- Education: Wesleyan University (BA); Columbia Law School (J.D.)
- Occupations: Businessman and attorney
- Employer(s): TiVo, Inc.
- Awards: Broadcasting & Cable Hall of Fame, Cable Hall of Fame

= Tom Rogers (executive) =

American businessman

Tom Rogers is an American media and technology executive. He served as senior counsel to the U.S. House of Representatives Telecommunications Subcommittee. Rogers later became the first President of NBC Cable, founding CNBC and establishing MSNBC. He was also the longest serving CEO of TiVo, Inc.

==Early life and education==
Rogers attended Scarsdale High School, where he was elected class president in 1972.

Rogers graduated in 1972 from Scarsdale High School in Scarsdale, New York; and later received degrees from Wesleyan University and Columbia Law School.
==Career==
Rogers began his career as an attorney on Wall Street. Prior to NBC, Rogers was the senior counsel to the U.S. House of Representatives Telecommunications, Consumer Protection and Finance Subcommittee.

===NBC Cable===
Rogers was first president of NBC Cable (now NBCUniversal Cable) and executive vice president of NBC, as well as NBC's chief strategist. Rogers founded CNBC and established MSNBC.

During his tenure at NBC Cable, Rogers oversaw the establishment of the National Geographic Channel, Court TV and Independent Film Channel, and served as co-chairman of the board of A&E Television Networks and The History Channel for 10 years. In addition, he oversaw American Movie Classics, Bravo (U.S. TV network), and several regional sports channels. In 2003, New York Mayor Michael Bloomberg brought Rogers in to mediate a dispute between Cablevision and the YES Network.

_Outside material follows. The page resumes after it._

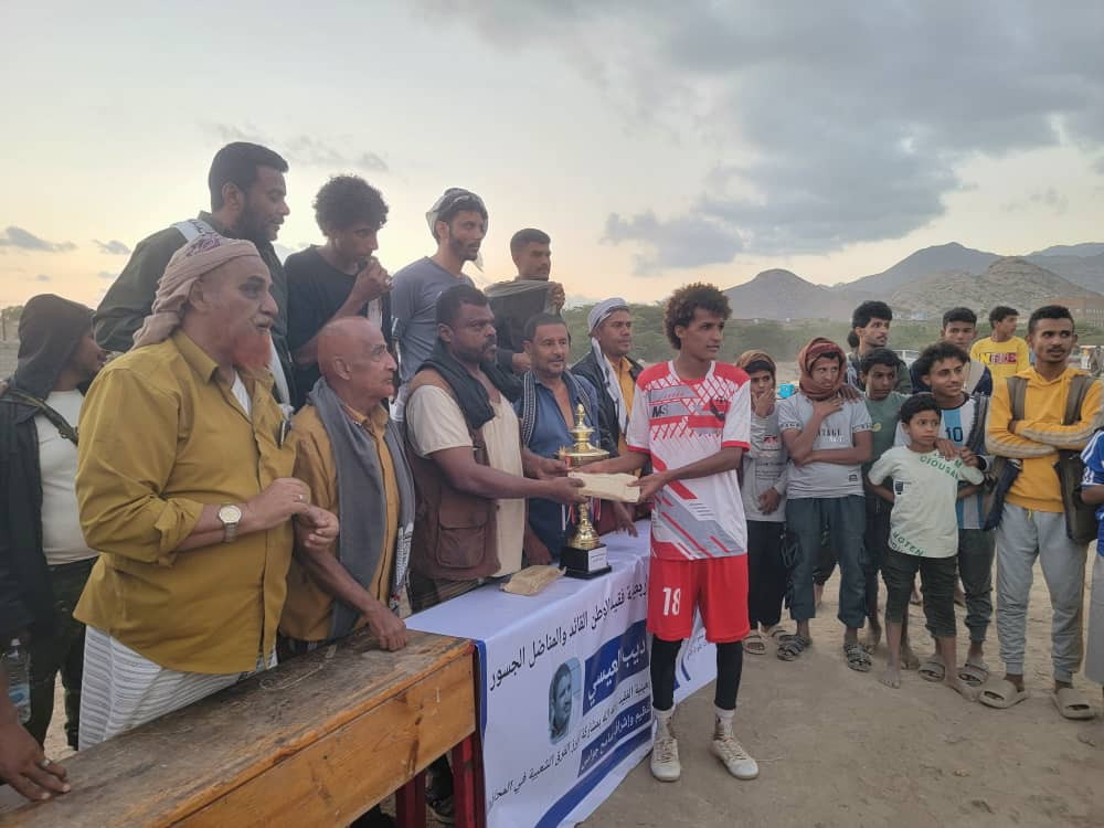 وفي ختام المُباراة التي أدارها طاقم تحكيمي مكون من علي صالح وأكرم الجرو و علي حردان ، قام الأمين العام لنادي فحمان مودية الكابتن ياسر جازع وبحضور عدد من الشخصيات الرياضية والاجتماعية والتربوية والاعلامية بتسليم الكأس للبطل ، وكذا تسليم الجوائز المالية المرصودة للبطل والوصيف والمقدمة من الراعي العميد محسن الوالي القائد العام لقوات الحزام الأمني.

In 2013, Rogers was inducted into the NAB Broadcasting Hall of Fame. Rogers was inducted into the Cable Hall of Fame in 2016.

===TiVO===

From 2005 to 2016, Rogers served as president and CEO of TiVo, as well as vice chairman of the board. TiVo was involved in the development of the DVR. Rogers won a 2006 Emmy Award for Outstanding Achievement In Enhanced or Interactive Television.

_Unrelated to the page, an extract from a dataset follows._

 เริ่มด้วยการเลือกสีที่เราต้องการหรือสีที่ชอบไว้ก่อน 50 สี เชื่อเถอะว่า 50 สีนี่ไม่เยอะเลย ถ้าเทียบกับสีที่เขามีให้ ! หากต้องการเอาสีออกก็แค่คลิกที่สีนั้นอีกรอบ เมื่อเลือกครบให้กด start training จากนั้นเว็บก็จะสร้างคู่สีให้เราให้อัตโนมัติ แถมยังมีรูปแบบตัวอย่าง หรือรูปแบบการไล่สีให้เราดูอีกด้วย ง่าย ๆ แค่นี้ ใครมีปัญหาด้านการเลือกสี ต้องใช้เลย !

=== Other organizations ===
Rogers was chairman and CEO of Primedia (now Rent Group), a targeted media company in the United States beginning in 1999. Rogers served as the senior operating executive for media and entertainment for Cerberus Capital Management, a large private equity firm, and as chairman of the board of Teleglobe (now VSNL International Canada).

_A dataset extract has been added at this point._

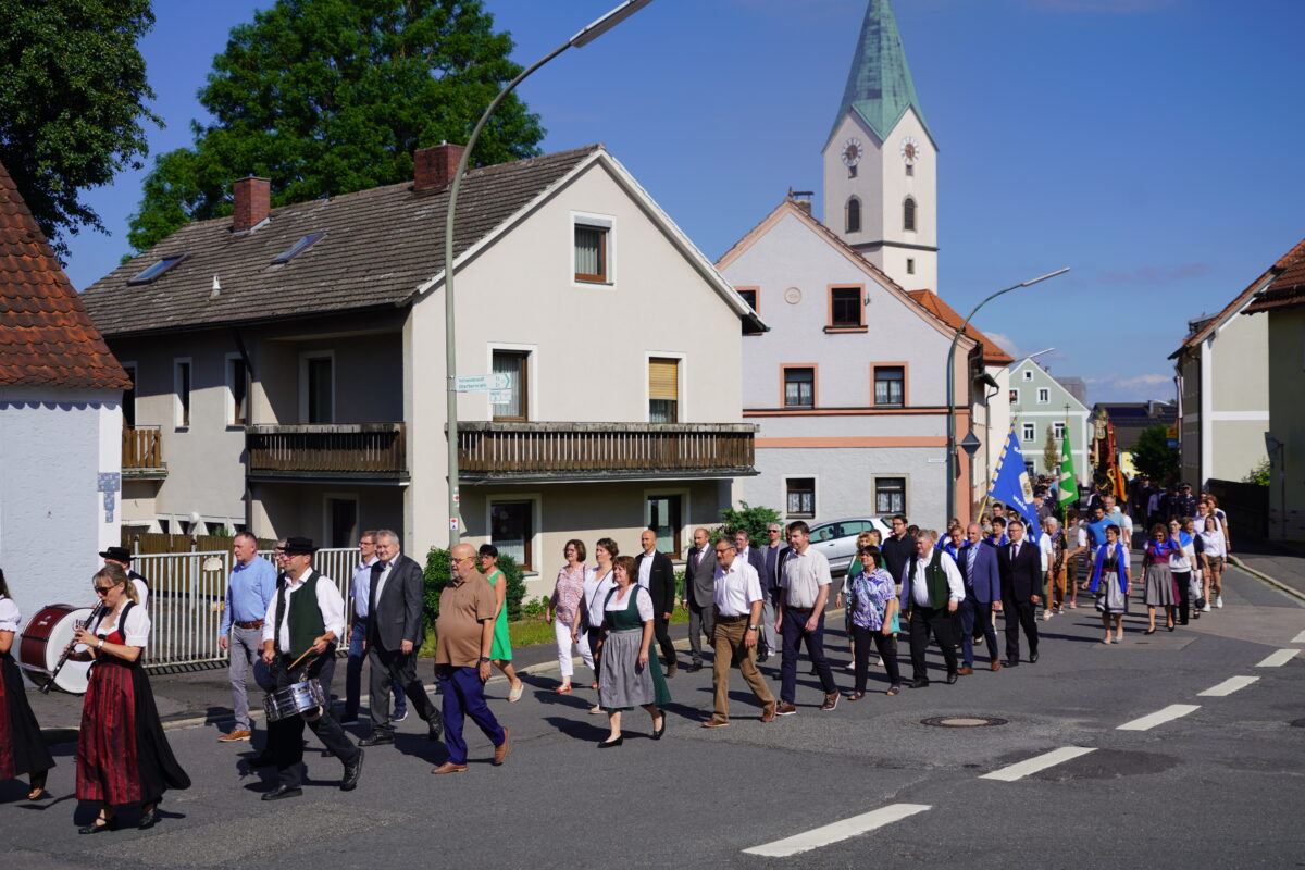 Nachdem der Festzug von der Dreifaltigkeitssäule, angeführt von der Trachtenkapelle Waldthurn, mit vielen Vereinen und Abordnungen zur Kirche zog, lud Pfarrer Norbert Götz die Gläubigen zum Festgottesdienst ein.

In March 2017, Rogers was appointed chairman of Frankly, a news distribution company. He served in this capacity until the merger creating Engine Media. Rogers was Chairman of Captify, a UK based advertising technology company. He was appointed to his post in 2018 and served in that capacity until the company's sale in 2022. Rogers has been executive chairman of Oorbit Gaming and Entertainment since September 2023. Rogers currently serves as Chairman of TRget Media, a media investment and operations advisory firm.

Rogers is editor-at-large for Newsweek, and writes columns on policy and political issues for the publication. Rogers also served four years as president of the International Television Academy.